The Good Doctor

In my ever widening search to find anything left worth watching on Netflix, I have stumbled on another hospital show. Nothing great, I’m not saying it’s a must watch (although I’m still watching it). That’s not what this blog is about. The gimmick in The Good Doctor is an autistic doctor, and when I noticed it was based on a Korean series, I was not surprised. In fact, I’m surprised that it wasn’t a robot doctor, or a time traveling doctor, or a ghost. It could have been a more ridiculous premise.
He always saves the day but he always speaks literally, saying things like “You’re going to die.” It’s a bit like House, just with an even weirder doctor. They always have to go one step further.
At what point does it jump the shark?
It got me thinking how similar hospital shows are to cop shows, which I hate with an ever increasing passion (Helena is totally into them, especially the Nordic-noir subset, so I am unable to ignore them entirely) There’s always the quirky outsider, whose methods are unconventional but they are a stone cold genius and infallible.

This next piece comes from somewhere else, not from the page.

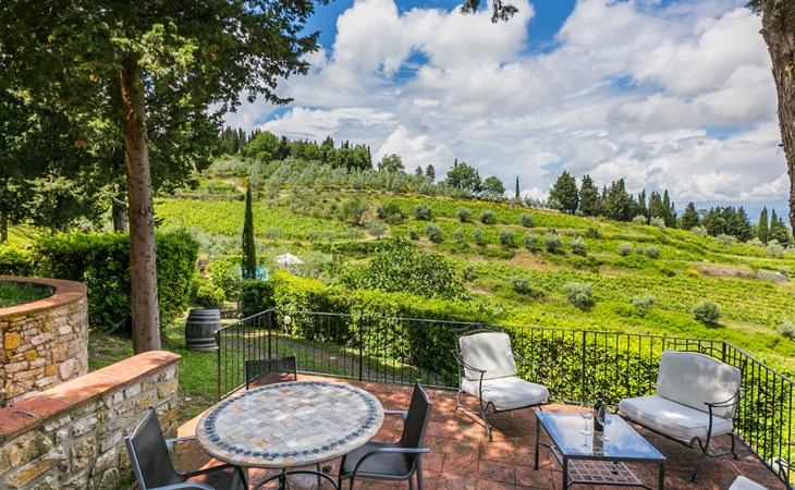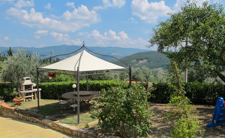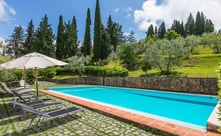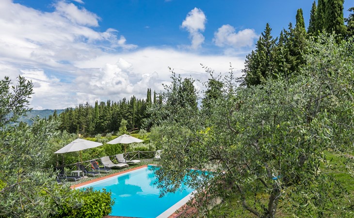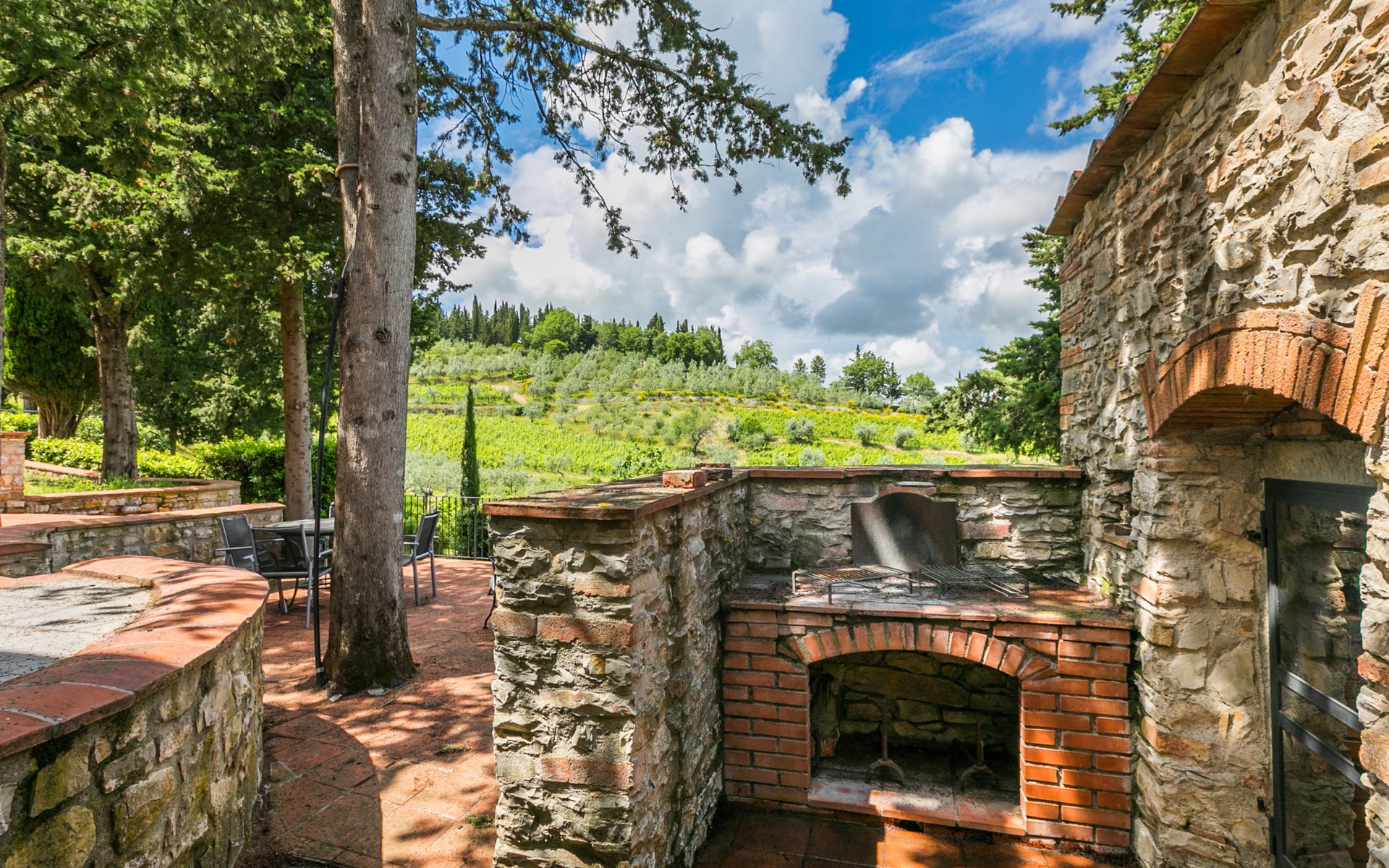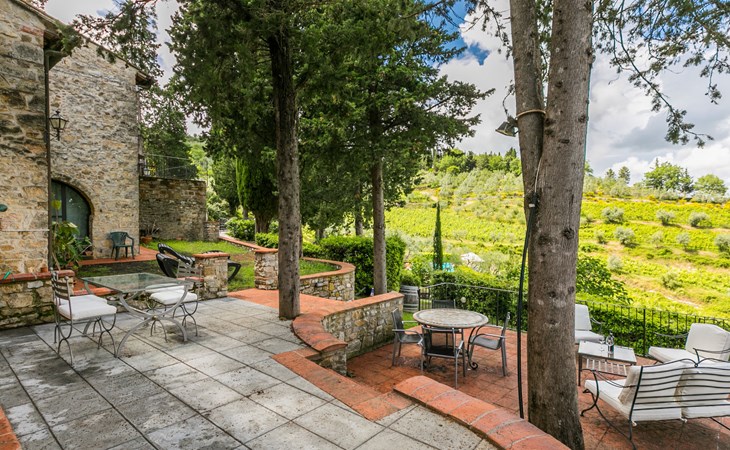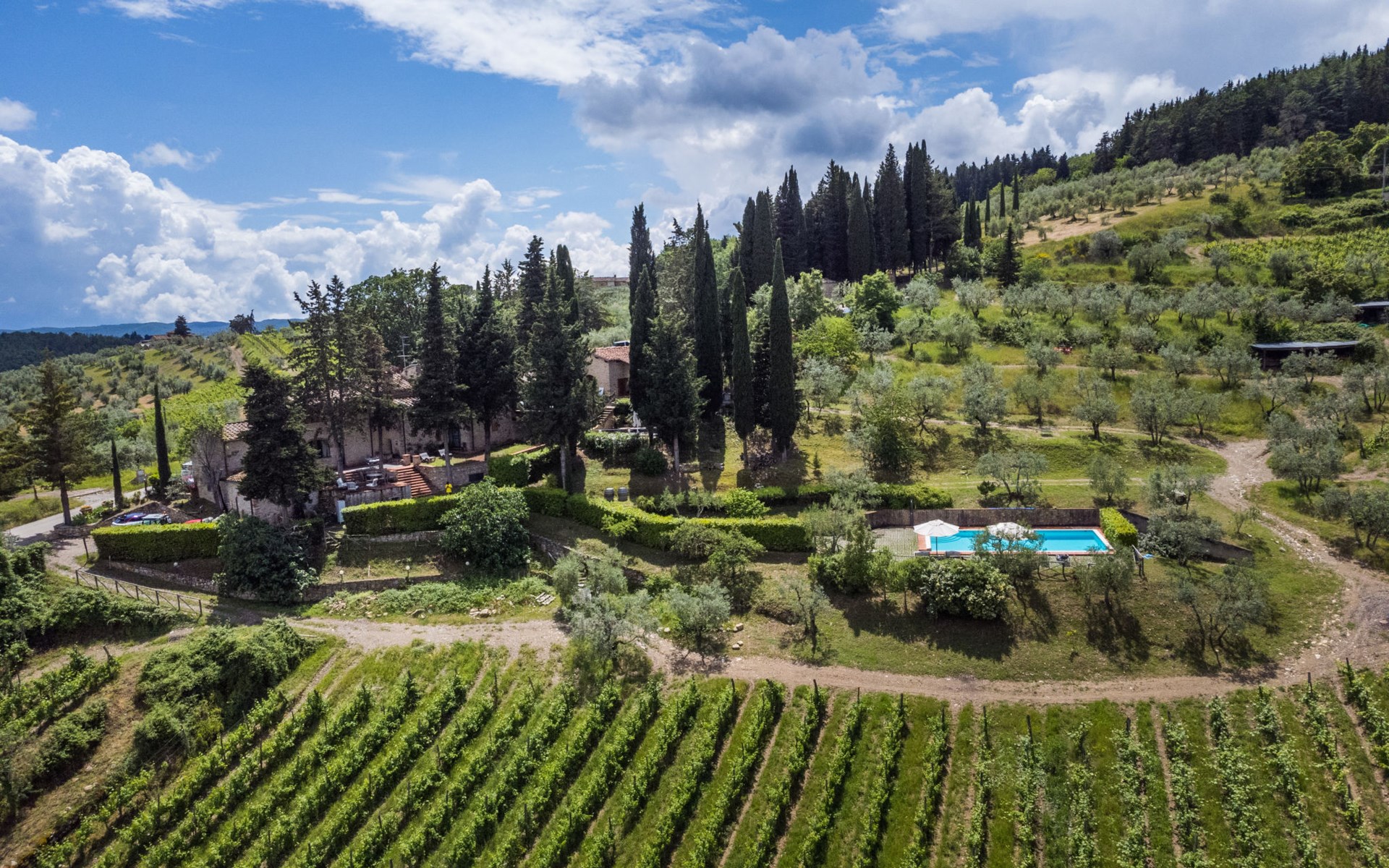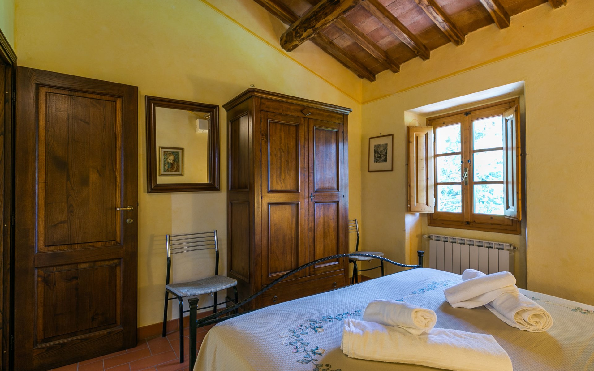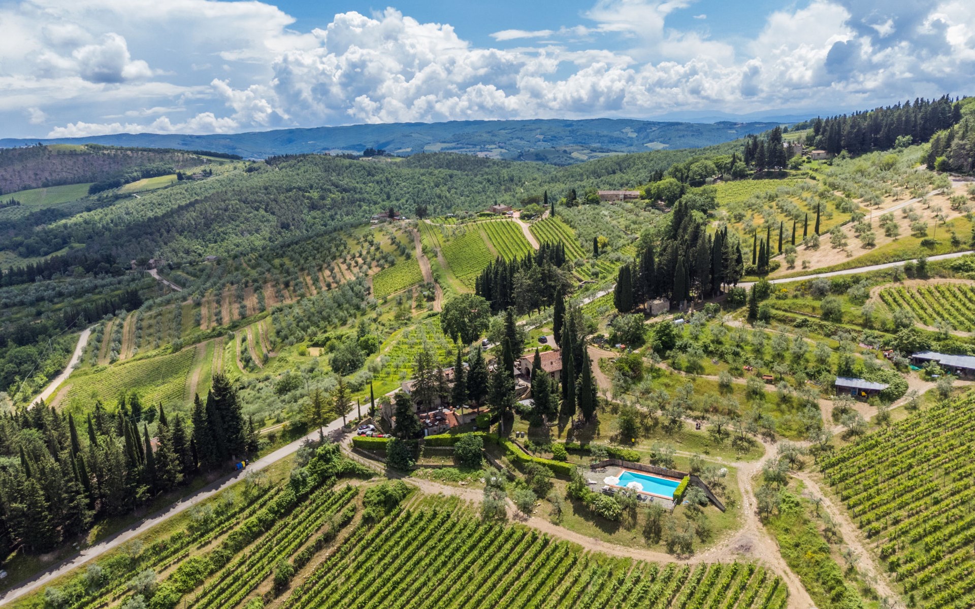Montefioralle 3 km from Greve in Chianti: Agriturismo on a vinyard "San Rocco", 2 storeys, from the 19th century, surrounded by trees, fields and vineyards. 3 apartments in the residence. 3 km from the centre of Greve in Chianti, 1 km from the centre of Montefioralle, outside the resort, 25 km from the centre of Firenze, in a sunny position, in the countryside. For shared use: terraced garden, 4 ha (not fenced) with plants and trees, natural garden, swimming pool (12 x 6 m, depth 120 - 180 cm, seasonal availability: 02.May. - 03.Oct. pool opening hours: 08:00-20:00). Outdoor shower, barbecue, pool maintenance by the owner/gardener. In the house: washing machine (extra). Parking on the premises. Grocery 3 km, restaurant 3 km, bus stop 3 km, outdoor swimming pool 3 km. Golf course (18 hole) 18 km. Local sale of farm products. Owner lives in separate semi-detached house.

Perhaps they both attract their audiences because people like thinking that people in authority, people with the power of life and death over us, are insightful and brilliant, and will always come through in a crisis. A sweet fantasy.
The difference is, while television doctors don’t bear much more resemblance to real life doctors than TV cops do to real cops, I admire doctors in real life. Cops, not so much.
Perhaps the reason that there are about a gazillion cop shows for every doctor show is that the world is closer to being a police state than a healthy state.